Trimethoprim-sulfamethoxazole minimum inhibitory concentration distribution among Enterococcus faecalis isolates. Green columns – percent of susceptible isolates, red – resistant (EUCAST 2021 breakpoints), N – number of isolates.
Figure-2.
Trimethoprim-sulfamethoxazole minimum inhibitory concentration distribution among Enterococcus faecium isolates. Green columns – percent of susceptible isolates, red – resistant (EUCAST 2021 breakpoints), N – number of isolates.
Furthermore, we found high resistance levels to rifampicin, tetracyclines, ciprofloxacin, and erythromycin (Tables-2 and 3), whereas resistance to ampicillin, streptomycin, and chloramphenicol was lower in most cases. For example, among E. faecium isolates from chickens, 44%, 76%, 61%, and 49% were resistant to rifampicin, ciprofloxacin, erythromycin, and tetracycline, respectively, whereas only 15%, 5%, and 0% were resistant to ampicillin, chloramphenicol, and gentamycin/vancomycin, respectively (Table-3).
Resistance to vancomycin
Resistance to vancomycin is the most important issue for enterococci. In the WHO global priority pathogens list, vancomycin-resistant E. faecium is categorized as a high priority for urgently needing new antimicrobials [31]. We did not find any single vancomycin-resistant isolate following microbiological and clinical breakpoints.
Resistance to rifampicin
According to CLSI criteria, resistance to rifampicin (no <40%) was the highest among all antimicrobials tested. Resistance to this drug was lower for enterococci from turkeys and chickens than cattle and sheep, showing this trend to be opposite that of other antimicrobials. Rifampicin MIC distribution is shown in Figures-3 and 4.
Figure-3.
Rifampicin minimum inhibitory concentration distribution among Enterococcus faecalis isolates. Green columns – percent of susceptible isolates, yellow – intermediate resistant, red – resistant (CLSI 2021 breakpoints), N – number of isolates.
Figure-4.
Rifampicin minimum inhibitory concentration distribution among Enterococcus faecium isolates. Green columns – percent of susceptible isolates, yellow – intermediate resistant, red – resistant (CLSI 2021 breakpoints), N – number of isolates.

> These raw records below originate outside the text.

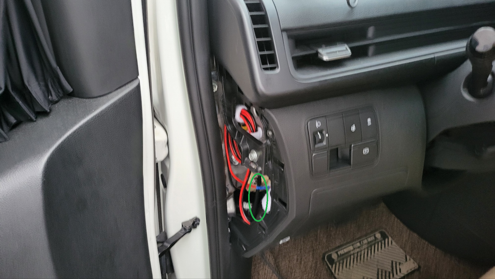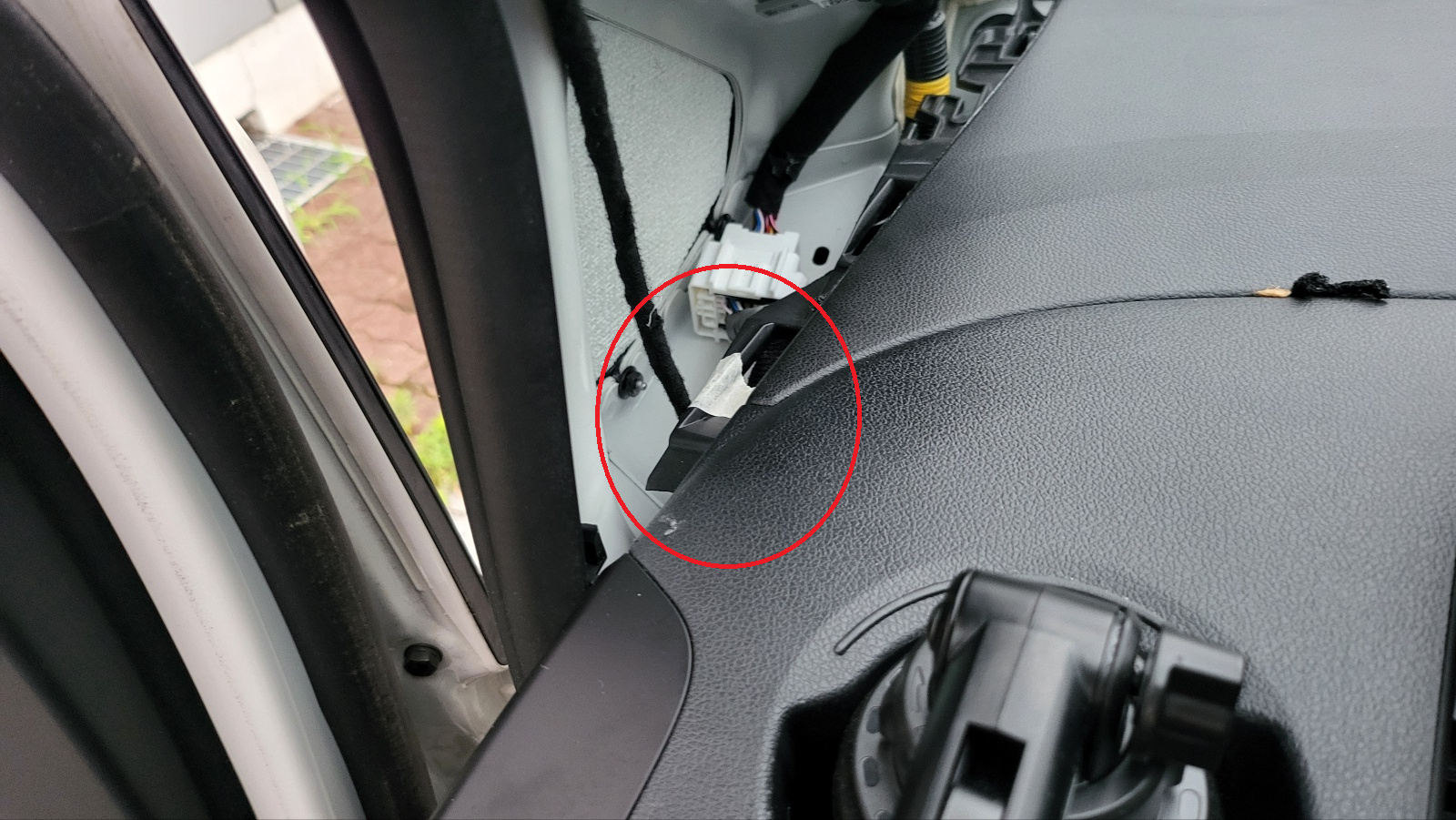 이제 대시 보드 왼쪽 측면에 전선 밀어 넣는다. 손으로 만져보면 큰 구멍이 있고 이 자리에 전선 집어 넣어 밀어 주면 자연스레 핸들 하단 왼쪽 퓨즈 박스 지점까지 전선이 내려간다.
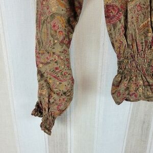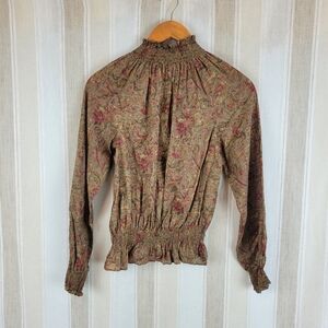 Excellent condition, high neckline, button front, long sleeves, super lightweight, paisley print.
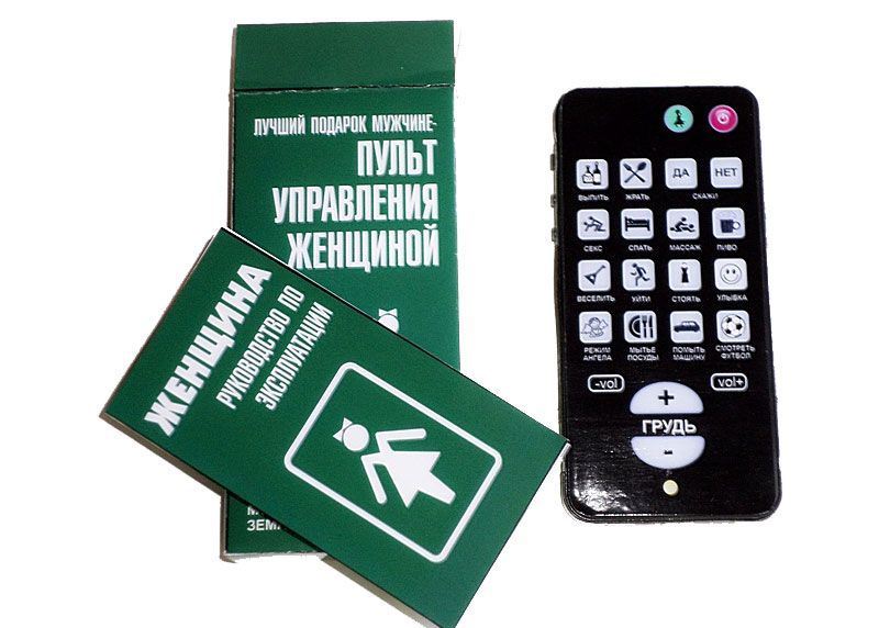 - Remote "universal". To surprise a man, as a gift you can buy a remote, which will have comic buttons: “remove the sound of a wife”, “create a can of beer”, “make tomorrow the day off”. Of course, such a remote control would be a model, otherwise the world would be perfect. There are many variants of remotes with humorous functions, so it’s easy to choose an individual “set of desires”.

Comparison with other studies
Our results partly correlate with the data on enterococci isolated from animals in other countries. The studies discussed below were performed using the CLSI clinical breakpoints [22]. For enterococci isolated from pigs and poultry in one China Province, the authors report frequent resistance (50-93%) to tetracycline, erythromycin, and rifampicin, an intermediate resistance rate (~30%) to phenicols (chloramphenicol and florfenicol) and enrofloxacin, and a low resistance rate to penicillins (4% to ampicillin) [32]. In E. faecalis isolated from chickens in Colombia, high resistance was found for tetracycline (98.1%), erythromycin (82.0%), and enrofloxacin (80.6%) [33].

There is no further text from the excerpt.